Les frères Elicha Les frères Elicha Paris 1er 26.06.2013 #mode

On a toujours été bercé par cette culture du vêtement, du costume

Pour introduire la semaine des défilés Homme et mettre à l’honneur l’art du Tailoring, The Kooples orchestre une grande soirée musicale au Baron précédée d’un dîner « entre amis » à l’Hôtel d’Évreux. L’occasion pour Saywho d’aller à la rencontre des frères Elicha.

La mode : histoire de famille ou simple business ? (les parents Elicha ont fondé Comptoir des Cotonniers, ndlr)

C’est clairement une histoire de famille, car nous avons évolué dans le domaine de la mode grâce à nos parents. Raphaël s’occupe de la partie communication et  image, il prend les photos des collections. Laurent s’occupe de la collection femme et je (Alexandre) m’occupe de de la collection homme. Nous avons chacun des rôles déterminés mais cela ne nous empêche pas de nous inspirer les uns des autres.

Y a t-il eu des rencontres qui ont eu un impact sur votre parcours ?

Le styliste Patrick Grant. Il a repris en 2005 la maison Norton & Sons sur Savile Row, la rue des maîtres tailleurs du « sur-mesure » britannique. Grant nous a donné l’impulsion de créer The Kooples, avec le désir d’importer ce savoir-faire du Tailoring mêlé au chic parisien accessible. Il nous a aidé à créer notre premier patron. Celui-ci a par la suite été décliné pour tous nos modèles de pièces à manches.

Votre réseau a-t-il joué un rôle important dans la success story The Kooples ?

Oui, notre réseau familial principalement. Un impact majeur, même, car nous avons eu la chance de collaborer avec nos parents dès le début de l’aventure The Kooples. Ils ont été d’excellents professeurs et nous ont bien appris le métier. Concernant les amis, Patrick Eudeline a joué un rôle important. Il nous a beaucoup inspiré, de par son esprit, son attitude. Il nous a entouré dès le début.

Comment votre cercle The Kooples s’est-il créé ? Par opportunités mercantiles ou rencontres fortuites ?

Par des rencontres fortuites. Par exemple, Pete Doherty est venu vers nous car il était déjà client de la marque, et il possédait une réelle affinité avec elle. On l’a par la suite choisi pour représenter la marque, mais ce n’était pas calculé. On aime que les choses se fassent toutes seules, de manière naturelle.

Ce soir, vous recevez vos amis Place Vendôme en mettant à l’honneur l’art du Tailoring. Un concept 100% British… Pouvez-vous nous en parler un peu plus ?

On a toujours été bercé par cette culture du vêtement, du costume. The Kooples, c’est un mix entre le duc d’Edimbourg et Keith Richards. Le Tayloring, c’est ce côté dandy qui rappelle Oscar Wilde, George Brummel. On s’attache à garder cette authenticité vestimentaire qu’avaient les anglais de l’époque, avec tout ce que ça comprend (culture du costume, des détails) tout en ajoutant nos envies à nous, plus personnelles et issues d’influences variées. La veste ajustée se verra ainsi recouverte de petits détails, comme la doublure monogramme tête de mort.

Pourquoi avoir choisi la place Vendôme pour installer vos bureaux ?

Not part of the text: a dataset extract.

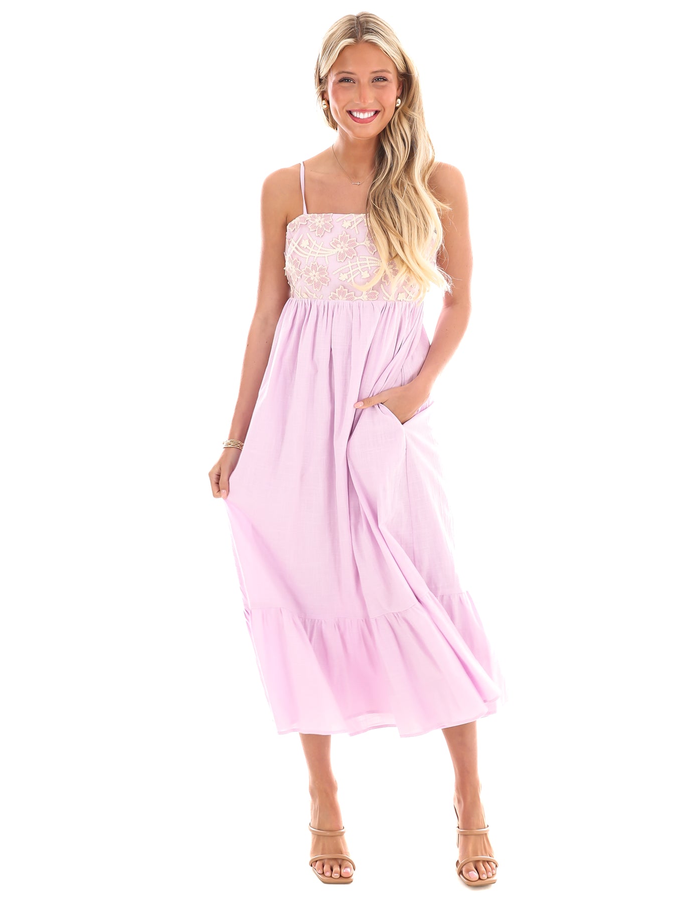 Elevate your summer wardrobe with our Lakeside Breeze Embroidered Midi Dress! Featuring gorgeous floral embroidery patchwork and a back ribbon detail, this square neck, sleeveless dress is perfect for any occasion. The ruffled hem and side pockets add a touch of playful charm. Add this beautiful cami dress to your collection today!

C’est un lieu plein d’histoire, inspirant, très chic, qui peut rappeler le classicisme anglais. Le côté Savile Row mixé avec la Place Vendôme fonctionne donc assez bien.

Un couple que vous aimeriez habiller ?

Gainsbourg-Birkin, Pete Doherty-Kate Moss, Charlotte Gainsbourg – Yvan Attal

Finalement, The Kooples est rive gauche, rive droite, ou carrément d’outre-Manche ?

 Les trois à la fois, finalement sans le vouloir. Très parisiens, mais également très inspirés par l’Angleterre.